Exercise input:
::::::
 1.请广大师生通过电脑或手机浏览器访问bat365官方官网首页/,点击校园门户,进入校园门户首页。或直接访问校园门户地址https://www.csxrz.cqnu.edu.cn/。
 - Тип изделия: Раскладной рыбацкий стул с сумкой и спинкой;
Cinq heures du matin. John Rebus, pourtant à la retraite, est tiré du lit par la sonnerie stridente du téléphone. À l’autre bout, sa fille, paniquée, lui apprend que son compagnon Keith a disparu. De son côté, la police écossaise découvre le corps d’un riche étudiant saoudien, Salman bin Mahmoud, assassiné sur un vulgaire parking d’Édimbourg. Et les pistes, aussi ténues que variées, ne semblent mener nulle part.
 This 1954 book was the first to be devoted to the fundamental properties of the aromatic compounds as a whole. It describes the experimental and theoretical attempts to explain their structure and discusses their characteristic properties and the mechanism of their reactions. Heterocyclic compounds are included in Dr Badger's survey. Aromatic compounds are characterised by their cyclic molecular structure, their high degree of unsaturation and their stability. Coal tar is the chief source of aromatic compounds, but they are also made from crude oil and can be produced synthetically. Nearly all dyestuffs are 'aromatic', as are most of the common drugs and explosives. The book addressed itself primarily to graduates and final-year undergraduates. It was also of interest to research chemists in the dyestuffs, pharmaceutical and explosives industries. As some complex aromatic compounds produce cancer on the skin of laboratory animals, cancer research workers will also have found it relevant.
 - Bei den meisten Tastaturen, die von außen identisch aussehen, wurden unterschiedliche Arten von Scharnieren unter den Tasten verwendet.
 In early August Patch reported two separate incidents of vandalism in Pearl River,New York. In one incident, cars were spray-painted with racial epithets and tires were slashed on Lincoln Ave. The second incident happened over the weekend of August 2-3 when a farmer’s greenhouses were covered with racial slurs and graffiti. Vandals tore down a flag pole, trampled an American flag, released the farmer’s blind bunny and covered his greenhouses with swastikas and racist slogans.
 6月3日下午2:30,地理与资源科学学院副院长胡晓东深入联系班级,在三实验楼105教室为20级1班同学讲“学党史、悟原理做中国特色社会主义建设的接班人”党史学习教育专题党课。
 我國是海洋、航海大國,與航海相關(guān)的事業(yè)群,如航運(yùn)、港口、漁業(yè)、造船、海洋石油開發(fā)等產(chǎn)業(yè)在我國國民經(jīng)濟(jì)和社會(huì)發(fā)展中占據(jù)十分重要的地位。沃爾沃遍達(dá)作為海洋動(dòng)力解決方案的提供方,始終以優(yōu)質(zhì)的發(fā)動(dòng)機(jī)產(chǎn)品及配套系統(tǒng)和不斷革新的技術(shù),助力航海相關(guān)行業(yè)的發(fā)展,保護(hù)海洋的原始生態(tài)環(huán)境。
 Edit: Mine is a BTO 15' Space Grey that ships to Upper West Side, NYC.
::::::
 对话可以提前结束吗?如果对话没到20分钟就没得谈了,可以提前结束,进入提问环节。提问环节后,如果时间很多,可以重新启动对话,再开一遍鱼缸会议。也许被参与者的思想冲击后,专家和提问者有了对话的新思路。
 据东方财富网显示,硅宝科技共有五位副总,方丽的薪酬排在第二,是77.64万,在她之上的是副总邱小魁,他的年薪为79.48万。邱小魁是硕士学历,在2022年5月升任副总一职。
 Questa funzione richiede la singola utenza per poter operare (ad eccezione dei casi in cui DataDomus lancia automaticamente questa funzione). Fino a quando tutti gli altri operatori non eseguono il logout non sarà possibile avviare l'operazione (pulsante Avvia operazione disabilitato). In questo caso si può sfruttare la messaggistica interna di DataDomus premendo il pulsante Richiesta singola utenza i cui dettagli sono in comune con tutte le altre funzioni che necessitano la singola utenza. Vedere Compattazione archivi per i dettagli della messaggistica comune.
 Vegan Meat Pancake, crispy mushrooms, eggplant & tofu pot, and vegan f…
::::::
Exercise description:
The stretch of entries above that starts with the line containing "This 1954 book" and goes on through the line containing "- Bei den meisten" is to be transcribed exactly, and no other line is to be transcribed.

Answer to the problem:
 This 1954 book was the first to be devoted to the fundamental properties of the aromatic compounds as a whole. It describes the experimental and theoretical attempts to explain their structure and discusses their characteristic properties and the mechanism of their reactions. Heterocyclic compounds are included in Dr Badger's survey. Aromatic compounds are characterised by their cyclic molecular structure, their high degree of unsaturation and their stability. Coal tar is the chief source of aromatic compounds, but they are also made from crude oil and can be produced synthetically. Nearly all dyestuffs are 'aromatic', as are most of the common drugs and explosives. The book addressed itself primarily to graduates and final-year undergraduates. It was also of interest to research chemists in the dyestuffs, pharmaceutical and explosives industries. As some complex aromatic compounds produce cancer on the skin of laboratory animals, cancer research workers will also have found it relevant.
 - Bei den meisten Tastaturen, die von außen identisch aussehen, wurden unterschiedliche Arten von Scharnieren unter den Tasten verwendet.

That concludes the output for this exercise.